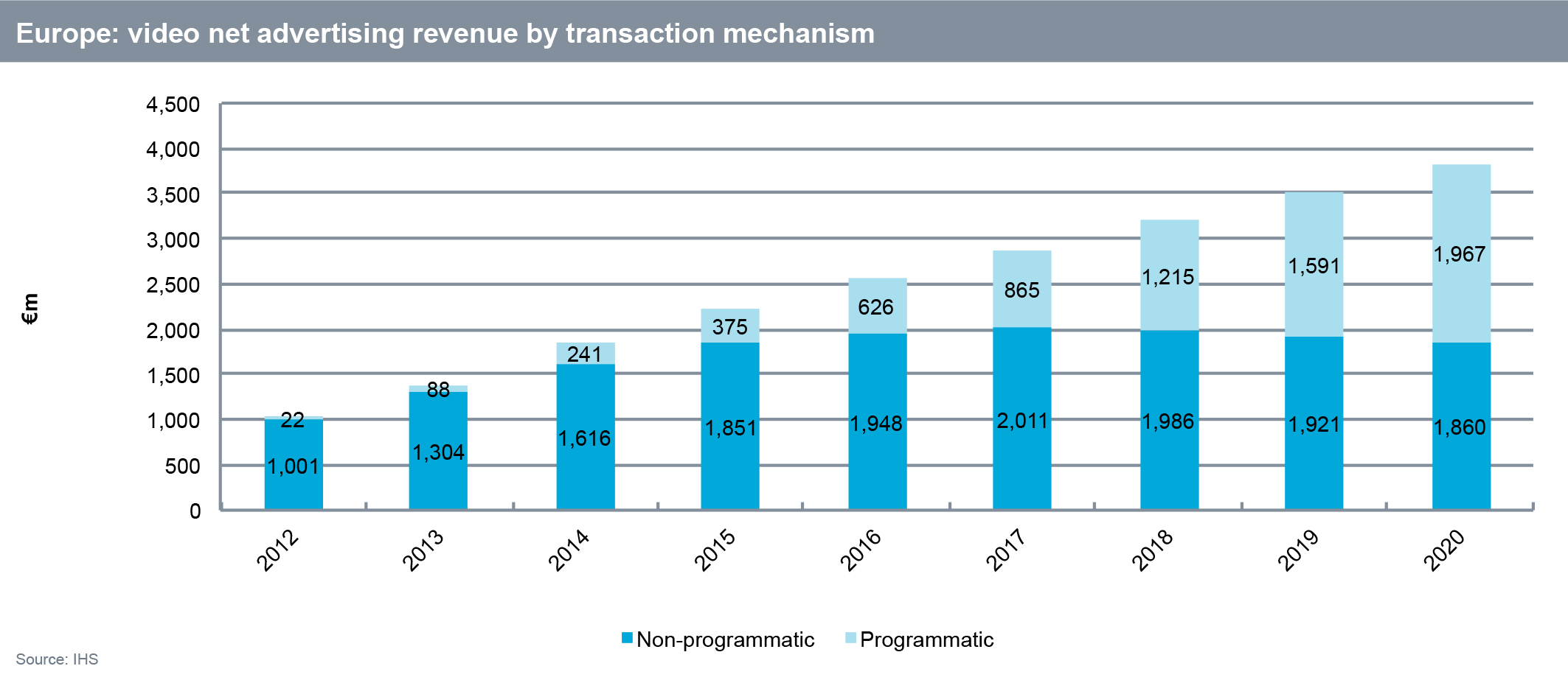 A livello europeo, il video advertising online programmatico è cresciuto di quasi venti volte dai 22 milioni di euro del 2012 ai 375 milioni di euro del 2015, e registrerà un tasso di crescita del 38,7% da qui al 2020, quando più della metà dei ricavi totali del video advertising online in Europa saranno generati dal programmatico, il cui valore complessivo arriverà a sfiorare i 2 miliardi di euro.
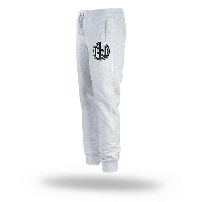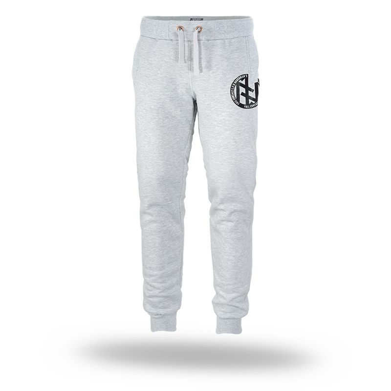 Bavlnené teplákové nohavice s dvoma bočnými vreckami a rovnými nohavicami. V páse elastický sťahovací lem a šnúrky. Na prednej strane ľavej nohavice jednofarebná potlač s runovými znakmi umiestnený pod vreckom. Dookola označenie Full Contact L.T.D Doberman's. Športová kolekcia Doberman's Aggressive.
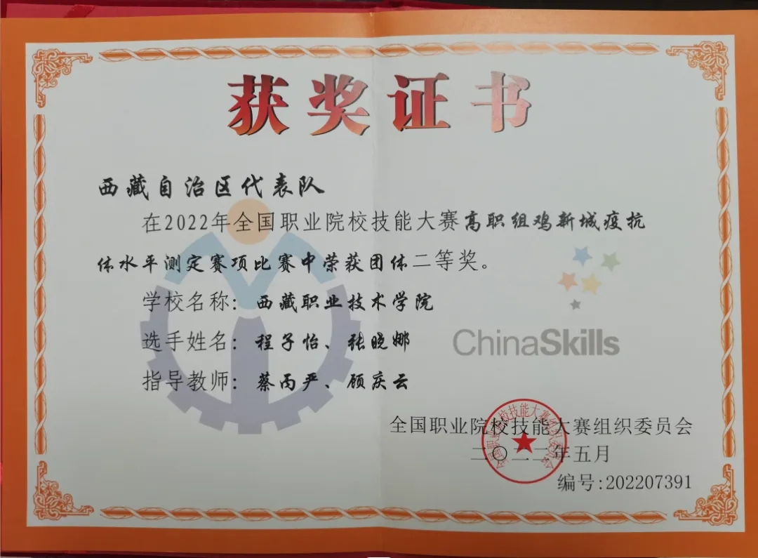 為減少新冠病毒肺炎疫情對技能大賽的影響,他們(men)力爭做到“疫情防控不停(tíng)訓、備賽訓練不鬆(sōng)懈”,在有限的條(tiáo)件下,最大限度提高自身的競技水平。作(zuò)為西藏自(zì)治區參賽隊伍,他們同來自全國51支參賽隊伍同場競技,憑借著紮實的基(jī)本功,他們臨危不亂、緊密協作(zuò),最終榮獲全國(guó)職業院校(xiào)技能大賽高職組雞新城疫(yì)抗體水平(píng)測定團體二等獎(jiǎng)。
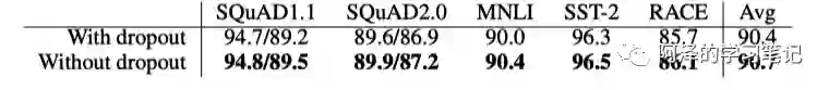另外加入 dropout 后会增加很多临时变量,删掉 dropout 后可以提升内存的利用率。此外 ALBERT 还加了十倍的数据量= =:
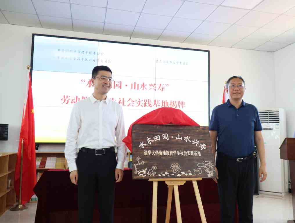 过勇、解江凌共同为“水木田园 山水兴寿”乐竞首页劳动教育学生社会实践基地揭牌。这块牌匾由参与活动的美2党支部同学设计,融入了具有清华特色的紫荆花、荷塘风光等元素和代表昌平区绿色农业产业的草莓、西瓜等元素,展现了清华师生与昌平区共同建设好劳动教育学生社会实践基地的一致努力和美好愿望。

------------

All of the data above needs to be given again exactly. Leave out each image.

» Written response:
 A livello europeo, il video advertising online programmatico è cresciuto di quasi venti volte dai 22 milioni di euro del 2012 ai 375 milioni di euro del 2015, e registrerà un tasso di crescita del 38,7% da qui al 2020, quando più della metà dei ricavi totali del video advertising online in Europa saranno generati dal programmatico, il cui valore complessivo arriverà a sfiorare i 2 miliardi di euro.
 Bavlnené teplákové nohavice s dvoma bočnými vreckami a rovnými nohavicami. V páse elastický sťahovací lem a šnúrky. Na prednej strane ľavej nohavice jednofarebná potlač s runovými znakmi umiestnený pod vreckom. Dookola označenie Full Contact L.T.D Doberman's. Športová kolekcia Doberman's Aggressive.
 為減少新冠病毒肺炎疫情對技能大賽的影響,他們(men)力爭做到“疫情防控不停(tíng)訓、備賽訓練不鬆(sōng)懈”,在有限的條(tiáo)件下,最大限度提高自身的競技水平。作(zuò)為西藏自(zì)治區參賽隊伍,他們同來自全國51支參賽隊伍同場競技,憑借著紮實的基(jī)本功,他們臨危不亂、緊密協作(zuò),最終榮獲全國(guó)職業院校(xiào)技能大賽高職組雞新城疫(yì)抗體水平(píng)測定團體二等獎(jiǎng)。
另外加入 dropout 后会增加很多临时变量,删掉 dropout 后可以提升内存的利用率。此外 ALBERT 还加了十倍的数据量= =:
 过勇、解江凌共同为“水木田园 山水兴寿”乐竞首页劳动教育学生社会实践基地揭牌。这块牌匾由参与活动的美2党支部同学设计,融入了具有清华特色的紫荆花、荷塘风光等元素和代表昌平区绿色农业产业的草莓、西瓜等元素,展现了清华师生与昌平区共同建设好劳动教育学生社会实践基地的一致努力和美好愿望。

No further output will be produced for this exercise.